Also known as Kissinger's first act of treachery.

Now, see, I always figured that occurred about age five.

When I want to put something in it's proper order on the "wrongness" scale, I say "It's as wrong as that time Kissinger won a Peace Prize."

Posted by: Blue Girl, Red State (aka G.C.) on August 23, 2007 at 11:52 PM | PERMALINK
Well, perhaps so, if what we are chasing is a single bunch of criminals, rather than a movement.

From the point of view of radical anti-Western Islamic fundamentalism as a diffuse social movement apart from any single organization, initiating and continuing the Iraq War is about the worst strategic error the US could conceivably have made (and continue to make), since it essentially validates the propaganda of the leading organizations in that movement (like al-Qaeda), while providing continuing sources of new resentment and outright hatred of the West and the US in particular in the Arab and Muslim world.

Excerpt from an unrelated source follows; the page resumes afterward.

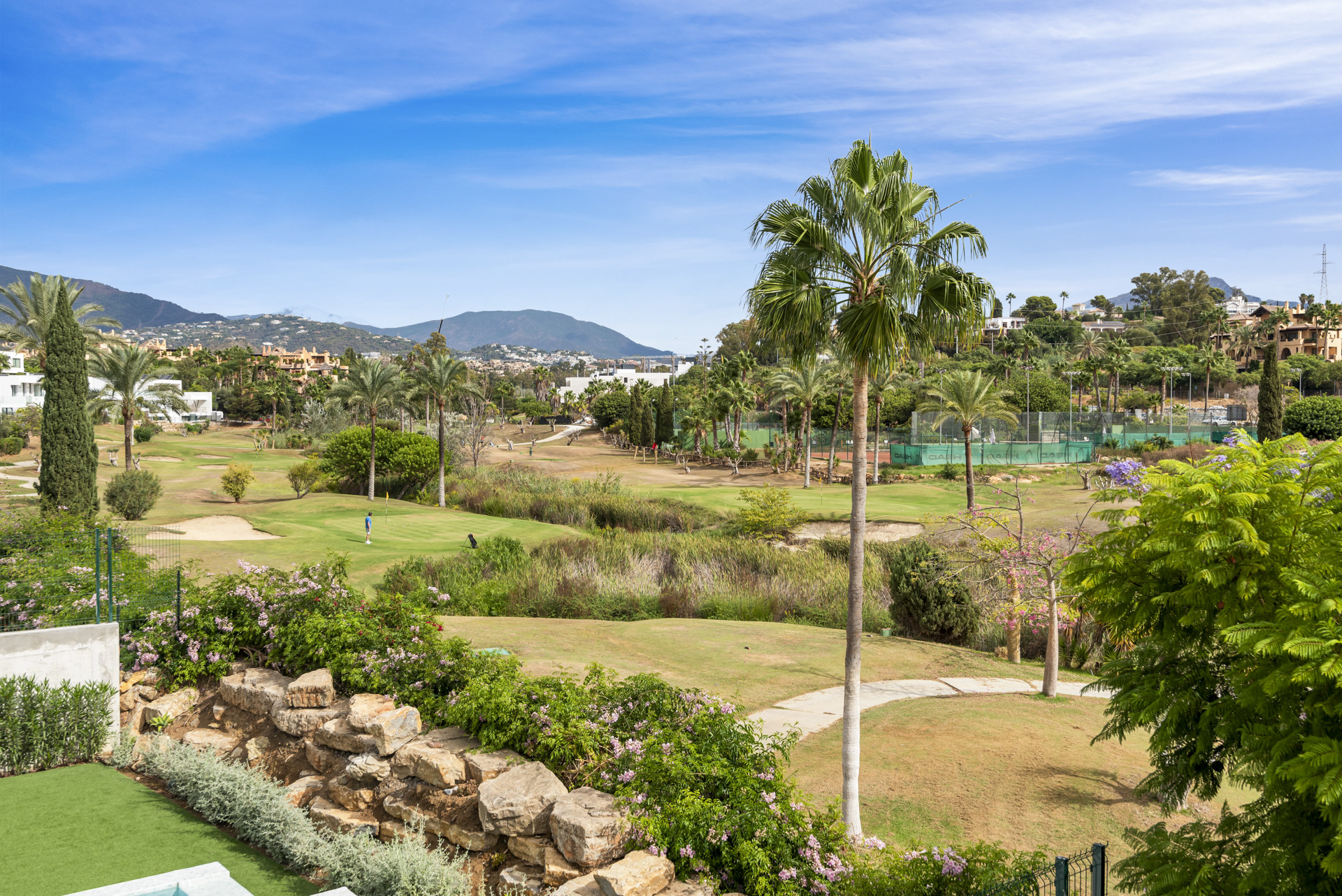 Villa Calma sits snug in the exclusive Valle Romano area in the hills overlooking Estepona town, one of the most desired locations due to its great golf course and serene ambience.

By now, it's rather clear we have more to worry about in that regard than just Osama and his boys. And it isn't going to go away if we simply cede Iraq to the bad guys.

The people of Iraq are not "the bad guys". As long as the US is attempting to impose its will in Iraq, they aren't in control. The "bad guys" in Iraq are gaining power the longer the US is there.

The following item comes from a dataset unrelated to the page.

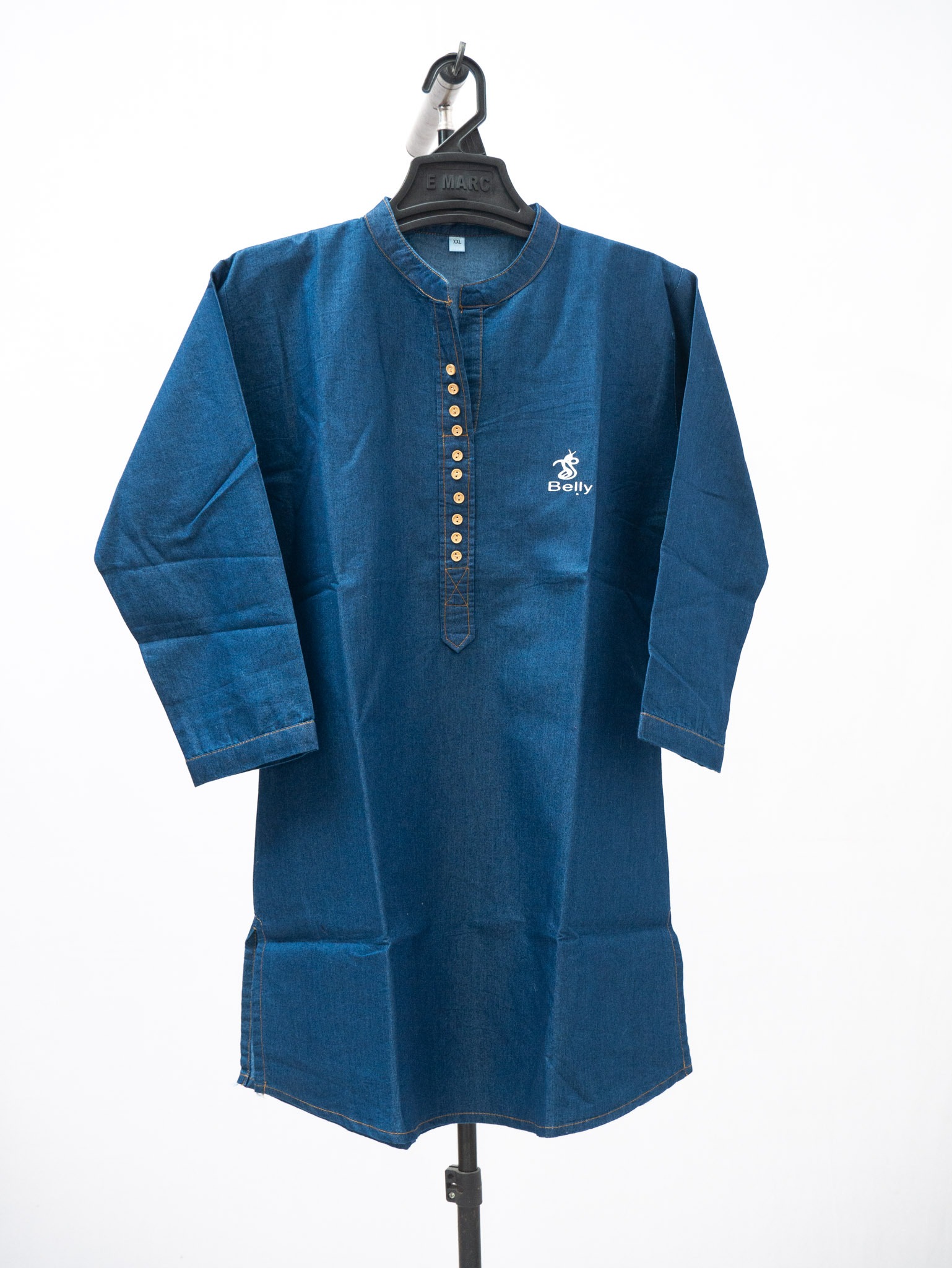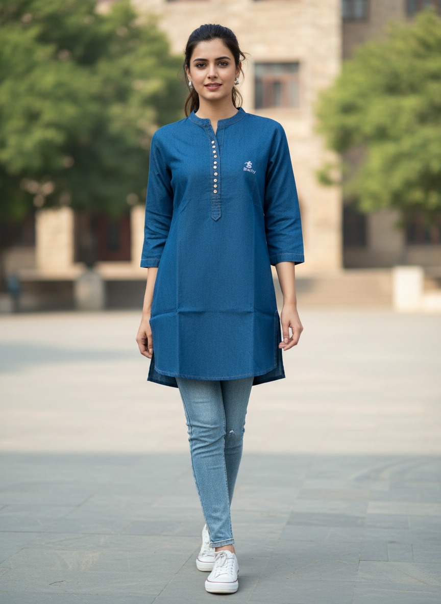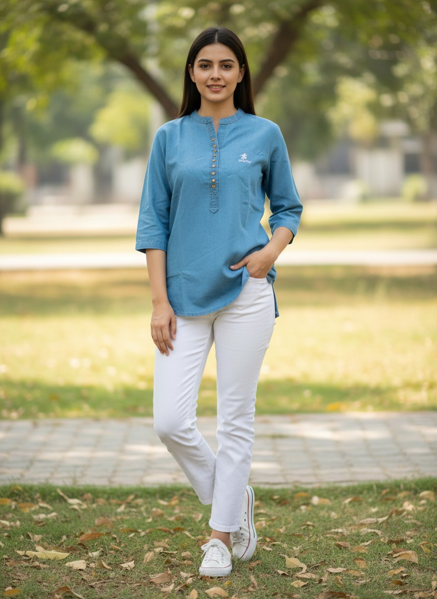 Step into effortless everyday style with this light blue denim short kurti, designed for women who love a clean, modern look with all-day comfort. The breathable denim fabric and relaxed straight cut make it ideal for daily wear, whether you are heading to college, work, or a casual outing. A neat Mandarin collar and front button placket with wooden-style buttons add a chic touch, while the 3/4 sleeves offer easy movement and coverage in any season.

Much as we'd all like to return to a pre-9-11 stance, that's pretty much shot by now, as well.

How about a pre-stupid stance?

Posted by: cmdicely on August 24, 2007 at 2:46 AM | PERMALINK

"Medical corps here - we save 'em all, if possible, regardless."
_____________________

Understood, BG, and concur. Anybody wounded and captured must be protected and treated, even at risk to ourselves. It's a rule we live by.

It's just more than slightly ironic to be chastised for using such a mild term for the enemy in a forum where our own leaders are referred to in far nastier terms, but I understand your personal point.

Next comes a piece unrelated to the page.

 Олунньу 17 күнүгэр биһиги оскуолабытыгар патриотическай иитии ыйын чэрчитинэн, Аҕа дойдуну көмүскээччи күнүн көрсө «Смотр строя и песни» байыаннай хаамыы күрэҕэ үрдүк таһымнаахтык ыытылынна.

Posted by: trashhauler on August 24, 2007 at 8:45 AM | PERMALINK

"How about a pre-stupid stance?"
________________________

Sure, that's always preferred. At the least, I pray that we can find the least stupid way forward.

Posted by: trashhauler on August 24, 2007 at 8:59 AM | PERMALINK

Irony alert: Bush supporter Trashy claims to "pray that we can find the least stupid way forward."

Posted by: Gregory on August 24, 2007 at 9:36 AM | PERMALINK
I doubt North Vietnam's war aims included a million dead and multi-generational poverty.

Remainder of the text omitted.